# VR6 Custom Eaton M62 Setup



## Fsmith010 (Aug 26, 2001)

Anyone installed a roots supercharger on a vr6? I've seen Eaton M62's for sale on Ebay for a couple hundred bucks. They come off of Buicks and Pontiac Bonevilles(sp?-heh) I was thinking maybe you could throw a system together for $700 or less. Thoughts?
-Thanks


----------



## Primos90Sport (Jan 4, 2002)

*Re: VR6 Custom Eaton M62 Setup (Fsmith010)*

I'm installing this supercharger on my 1995 Audi 90 sport. My engine is a V6 12V, I can answer some of your questions. I'm having an intake manifold custom fabricated for me. Depending on your TB location, you could try running a pipe into the back of it, with a "sidewinder" application. Look around at the supercharged subarus, this is how they do things. I was considering this for a while. Where is the TB on a VR6? Is it like the sciroccos on the hose, or like my Audi on the back of the intake manifold? 
Primo
P.S. Picture(s) of your engine would help....and as for fueling, I'm going with an Apexi S-AFC


----------



## Fsmith010 (Aug 26, 2001)

*Re: VR6 Custom Eaton M62 Setup (Primos90Sport)*

You thinking about an intercooler? I was thinking of having the super down low to hook up to the intercooler. Filter-charger-cooler in a short distance. There isn't alot of room up top. Most vr6 kits are centrifual chargers and most higher up.
How much your manifold costing?
-Thanks


----------



## Fsmith010 (Aug 26, 2001)

*Re: VR6 Custom Eaton M62 Setup (Fsmith010)*

There is a guy with a Audi 90 2.8 12v that turbocharged it. I read he makes 240hp w/ 4psi or something. Completely custom of couse. 270hp w/8lbs.
-late


----------



## SSj4G60 (Aug 13, 2001)

*Re: VR6 Custom Eaton M62 Setup (Fsmith010)*

i think someguy did but hes not on the tex someone posted a link to his site


----------



## Captain Jack (Mar 2, 2002)

*Re: VR6 Custom Eaton M62 Setup (SSj4G60)*

I know what you are talking about, it was on a Rabbit, he made it AWD and SC it. 
The thing was making INSANE hp, I cant remember exactly but I think it was lke 400+.


----------



## SSj4G60 (Aug 13, 2001)

*Re: VR6 Custom Eaton M62 Setup (St_Racer_X)*

no it wasnt in a rabbit or AWD , i know who you mean he is a texer and is now going turbo


----------



## Fsmith010 (Aug 26, 2001)

*Re: VR6 Custom Eaton M62 Setup (SSj4G60)*

Do you know who he is? He's running an Eaton M62 on a VR6? I'd be interested to talk to him.
-Thanks


[Modified by Fsmith010, 6:11 AM 3-23-2002]


----------



## joeZX6 (Feb 5, 2001)

*Re: VR6 Custom Eaton M62 Setup (Fsmith010)*

i have some pics of the eaton m62 installed on a vr6 want me to post them?


----------



## Fsmith010 (Aug 26, 2001)

*Re: VR6 Custom Eaton M62 Setup (joeZX6)*

YES!!!








That would be excellent!


----------



## joeZX6 (Feb 5, 2001)

*Re: VR6 Custom Eaton M62 Setup (Fsmith010)*

here ya go


----------



## XSiVE (Nov 1, 2000)

*Re: VR6 Custom Eaton M62 Setup (joeZX6)*

quote:[HR][/HR]here ya go







[HR][/HR]​that looks like fun


----------



## samrabbit (Feb 18, 2002)

*Re: VR6 Custom Eaton M62 Setup (Fsmith010)*

why don't you just get an M90. the 62 is a tad small for that. it will run much better all through the rpm. put a wastegate on the intake side, and adjust to your boost level of fun.

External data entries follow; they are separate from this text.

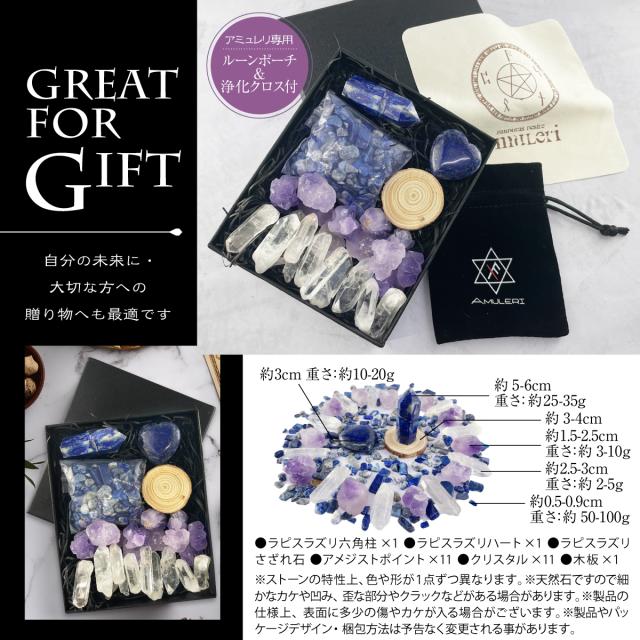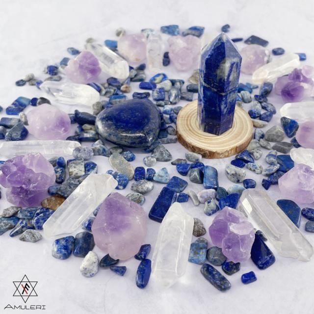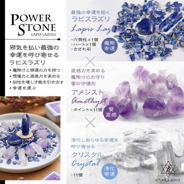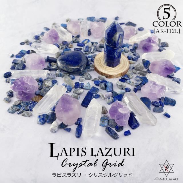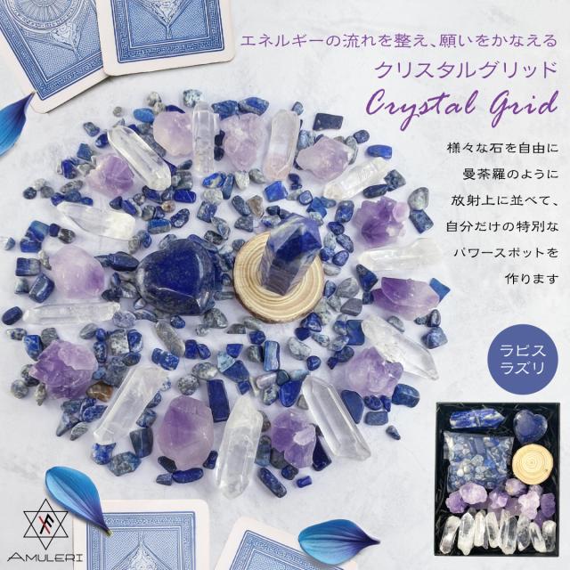 [Amuleri] 天然石 パワーストーンセット クリスタルグリッド ラピスラズリ さざれ石 最強の幸運 直感力 浄化 AK-112L
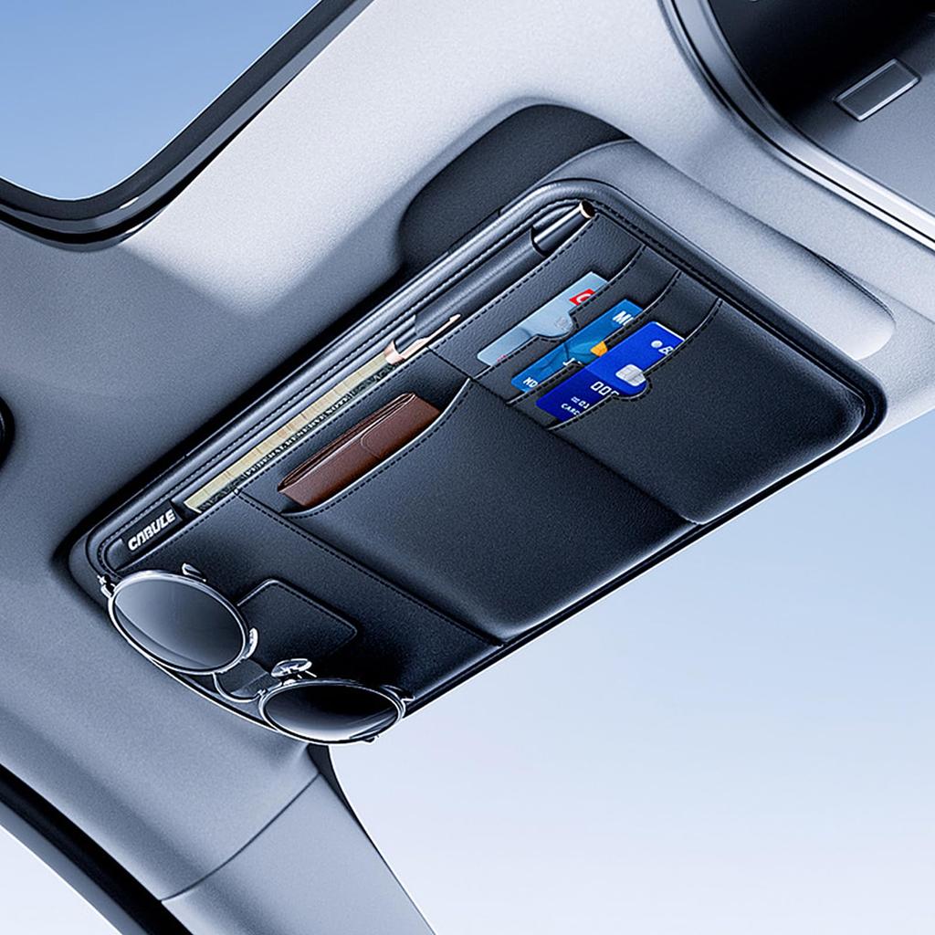 [Multifunctional] This sunshade storage bag can be separated into two sections: a card storage clip and an eyeglass clip. The eyeglass clip features a magnetic suction design that can securely hold glasses and easily accommodate various types of glasses, whether they are myopia glasses or sunglasses. The storage clip features a divided storage design, making in-car storage more convenient and eliminating clutter. The separate pass holder can also hold cards, coupons, coins, fuel cards, USB cables, and more, allowing drivers to quickly access and store items when needed.
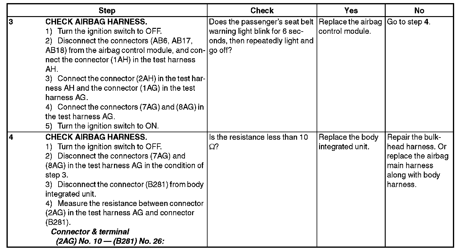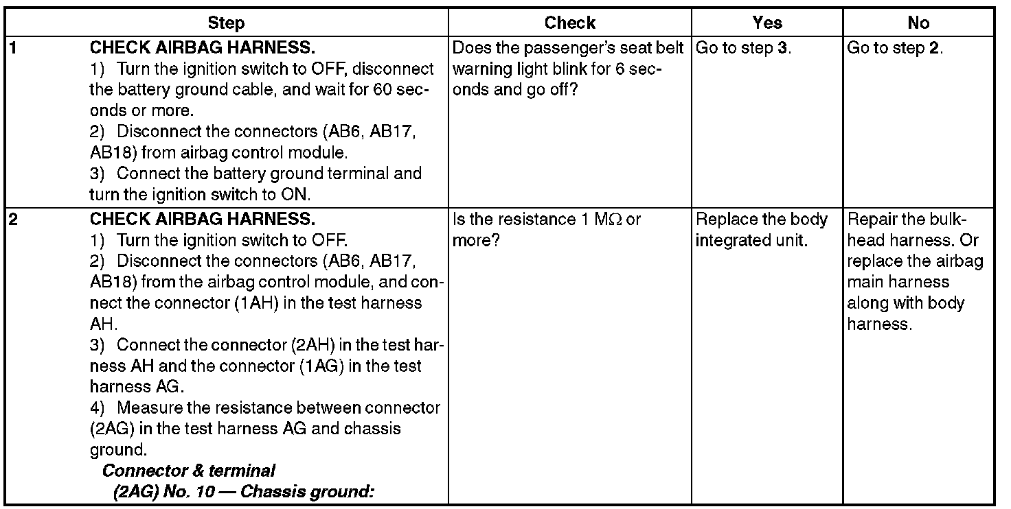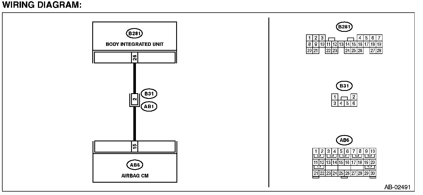 - Harness circuits between body integrated unit and airbag control module are open, shorted or shorted to ground.
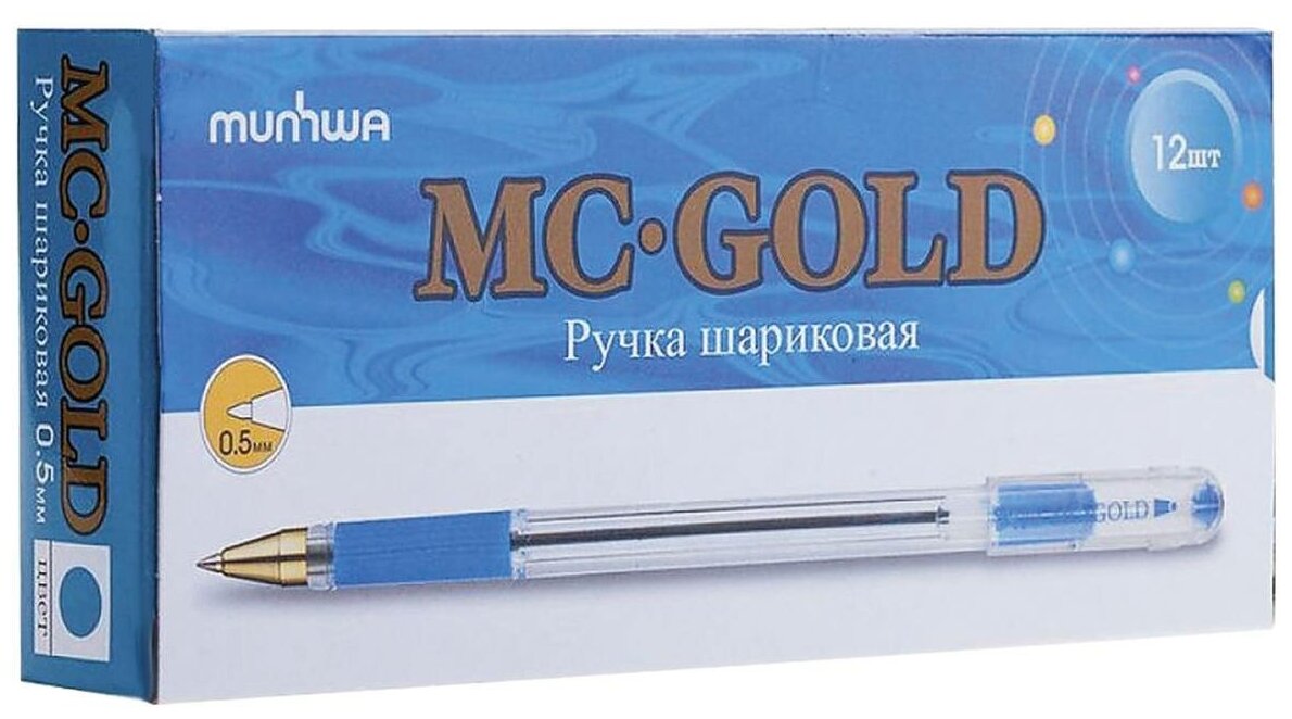 MunHwa Ручка шариковая MC Gold, 0.5 мм (BMC-01/02/03/04/10/12), BMC-02, cиний цвет чернил, 1 шт.
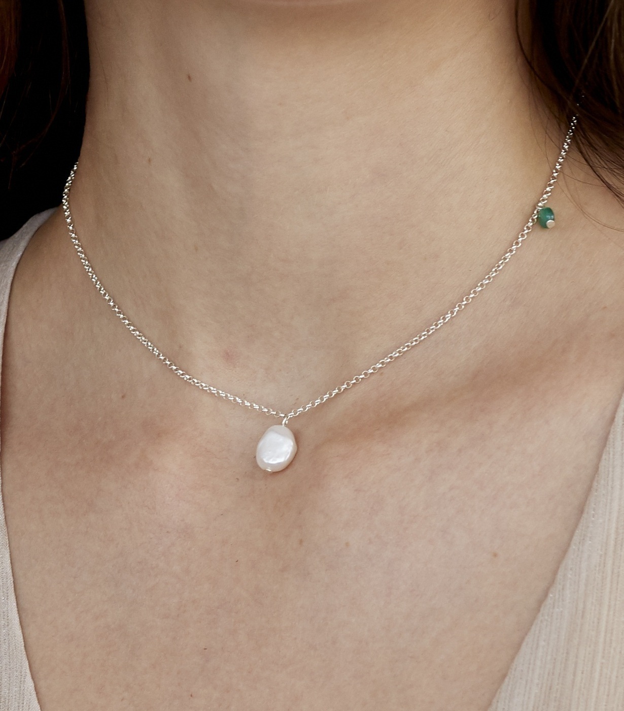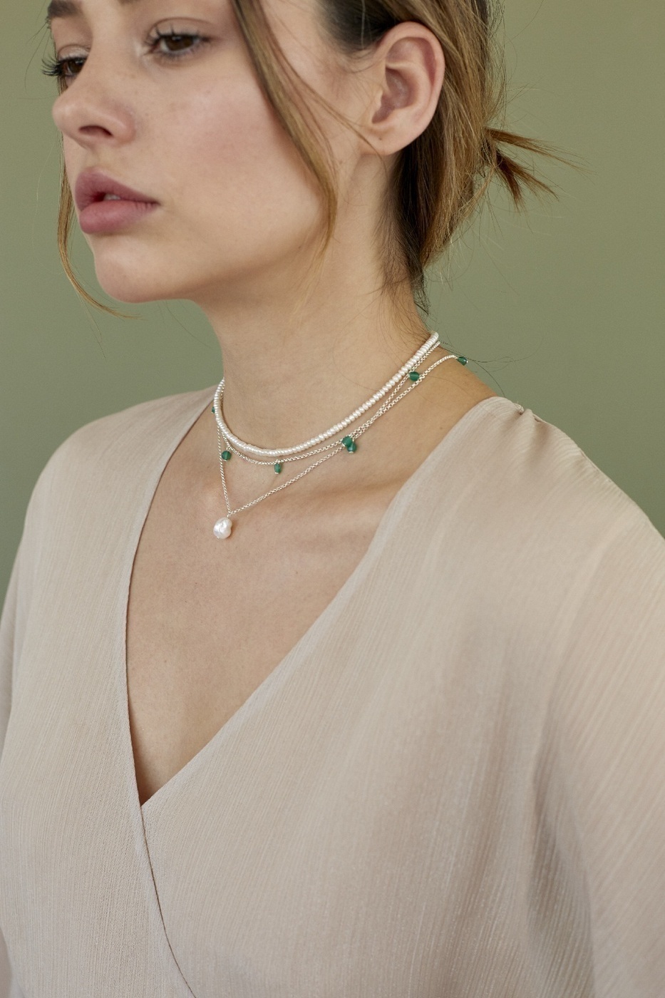 Li Колье Мона Лиза с жемчугом и зеленым ониксом
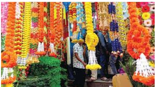 १०० ते १५० रूपयापर्यंत किमती आहे. तसेच झेंडू, गुलाब, मोगरा फुलांच्या माळा उपलब्ध झाल्या आहेत. गणपतीच्या मागे लावण्यात येणारी पानांची जाळी त्याचबरोबर व सजावटीचे साहित्य विक्रीस उपलब्ध असून, नागरिकांकडून मोठ्या प्रमाणात खरेदी करण्यात येत आहे.
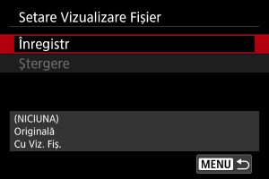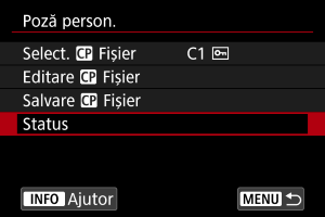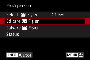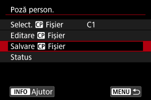 Puteţi verifica setările pentru fişierul imagine personalizată din meniul [Poză person.].
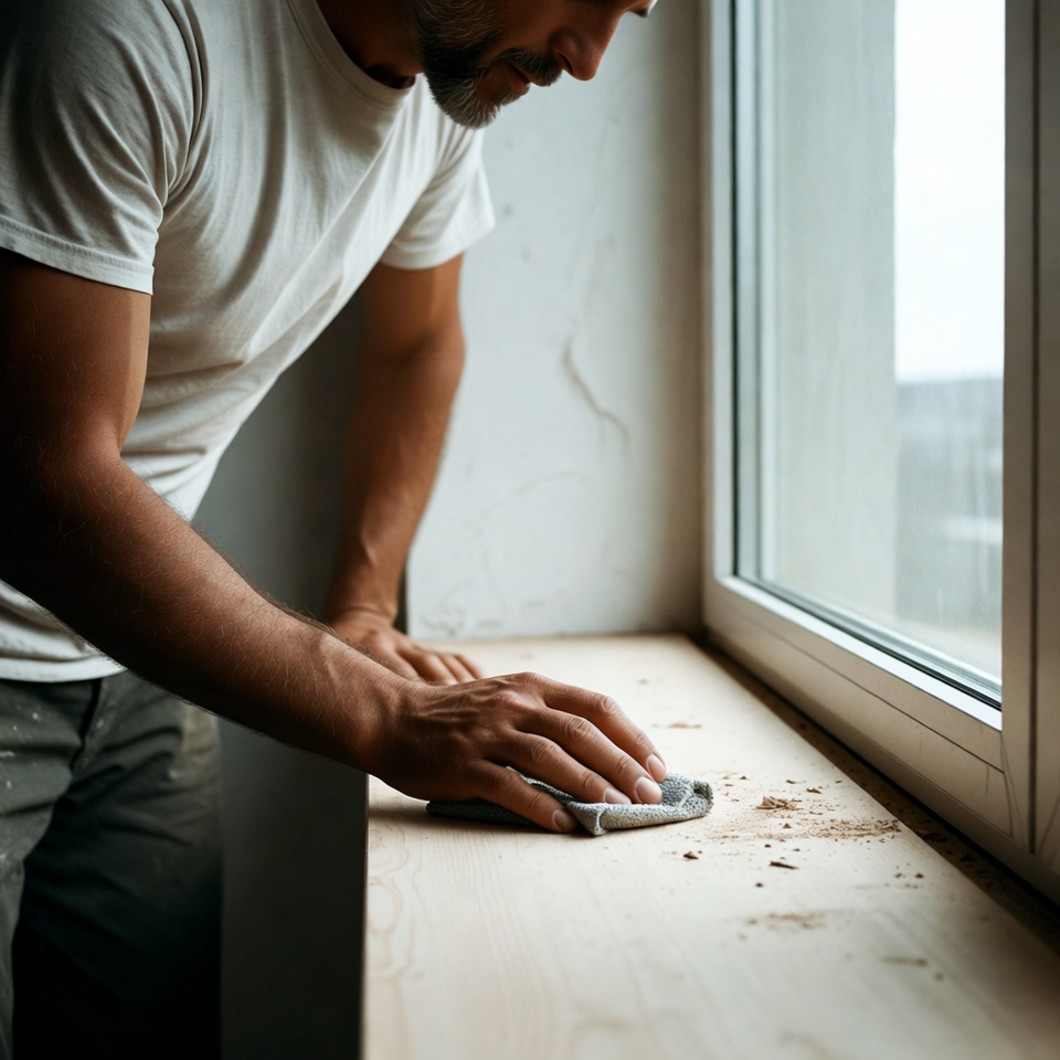 Man sanding wood window sill
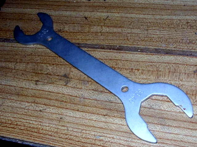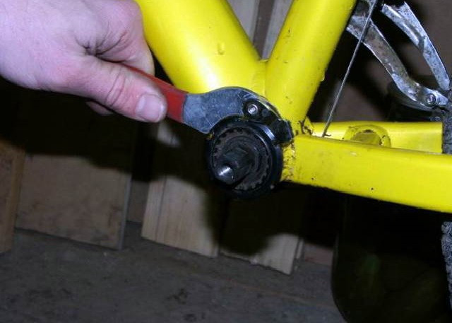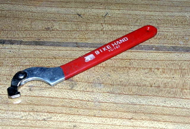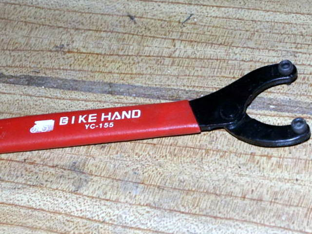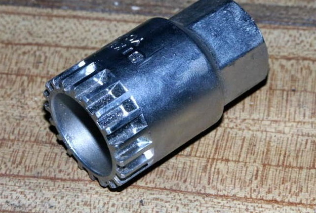 А може знадобитися і такий. Можна обійтися й звичайним ріжковим ключем на 36, або в крайньому випадку застосувати розвідний / газовий ключ. Газовим ключем треба користуватися обережно — можна легко пошкодити раму.
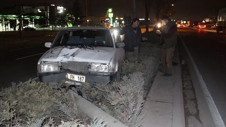 KONYA'da refüjdeki aydınlatma direğine çarpan otomobilin alkollü sürücüsü Kazım Şen (67), yaralandı.
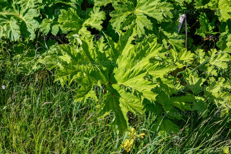 Борщевик Сосновского. Гераклеум Сосновский. Большие зеленые листья борщевика в солнечный день
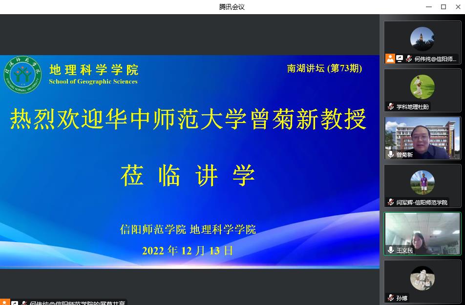 1213日下午,应bat365正版唯一官网邀请,华中师范大学曾菊新教授以腾讯会议平台的形式为bat365师生作了题为“敬畏自然:学苑论衡、政府导向及生态价值观研究”的学术报告。学院青年教师、硕士研究生和部分本科生150余人参加报告会,报告会由副院长王义民教授主持。
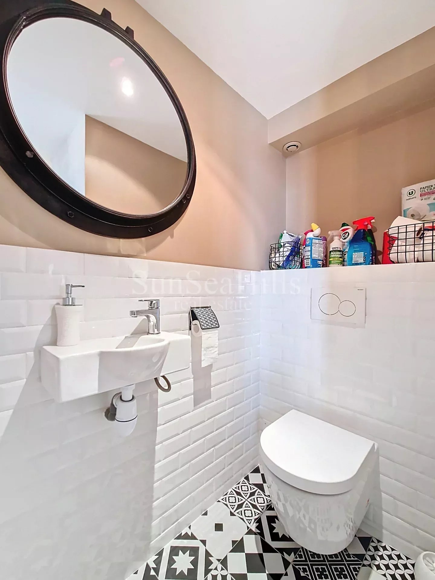 Une salle d’eau moderne complète ce niveau avec douche, lavabo, lave-mains, WC et sèche serviettes.

the same amount of work goes into making either, so get the bigger one, in case you want some big boost numbers in the future. hehehe.


----------



## Fsmith010 (Aug 26, 2001)

*Re: VR6 Custom Eaton M62 Setup (samrabbit)*

The eaton site says a M62 is for 2.0-4.0 liters. What would be a safe amount of boost to run w/o changing compression or having an intercooler?
I was thinking about an intercooler, but that setup style doesn't look like it could accomidate an intercooler very well.


----------



## Blitzkrieg (Mar 19, 2000)

*Re: VR6 Custom Eaton M62 Setup (Fsmith010)*

Didn't New Dimensions try to come-out with an Eaton supercharger kit for the VR6 a few years back and never did?


----------



## SCVR6 (Dec 13, 2000)

*Re: VR6 Custom Eaton M62 Setup (Blitzkrieg)*

quote:[HR][/HR]Didn't New Dimensions try to come-out with an Eaton supercharger kit for the VR6 a few years back and never did?[HR][/HR]​They are still trying to sell a old kit they have. The thing used to eat up belts I hear and there is no chip for it either. You would need to have something made since it will be producing more HP down low than a Vortech or Z. You might be getting into alot $$$ to do this with no backup support. Just by a kit that you know will work and it warranteed.


----------



## samrabbit (Feb 18, 2002)

*Re: VR6 Custom Eaton M62 Setup (Fsmith010)*

you need to lower that compression and get an intercooler in there to make all you can out of that car.
for stock compression ratio, you still need an intercooler. its a must have item to stop knock.
assuming you got some additional fueling of sorts, you can run 6-10 lbs of boost with stock comp and intercooling. 
keep in mind that the eaton literature assumes you got a bigger crank pulley too. all vws have small crank pullesy, so you can size the bigger blower to make more bottom end boost.
set up a wastegate on the intake side, and set the amount of boost you have with the blower.
and it would be nice not to mount the blower on top of the hot exhaust.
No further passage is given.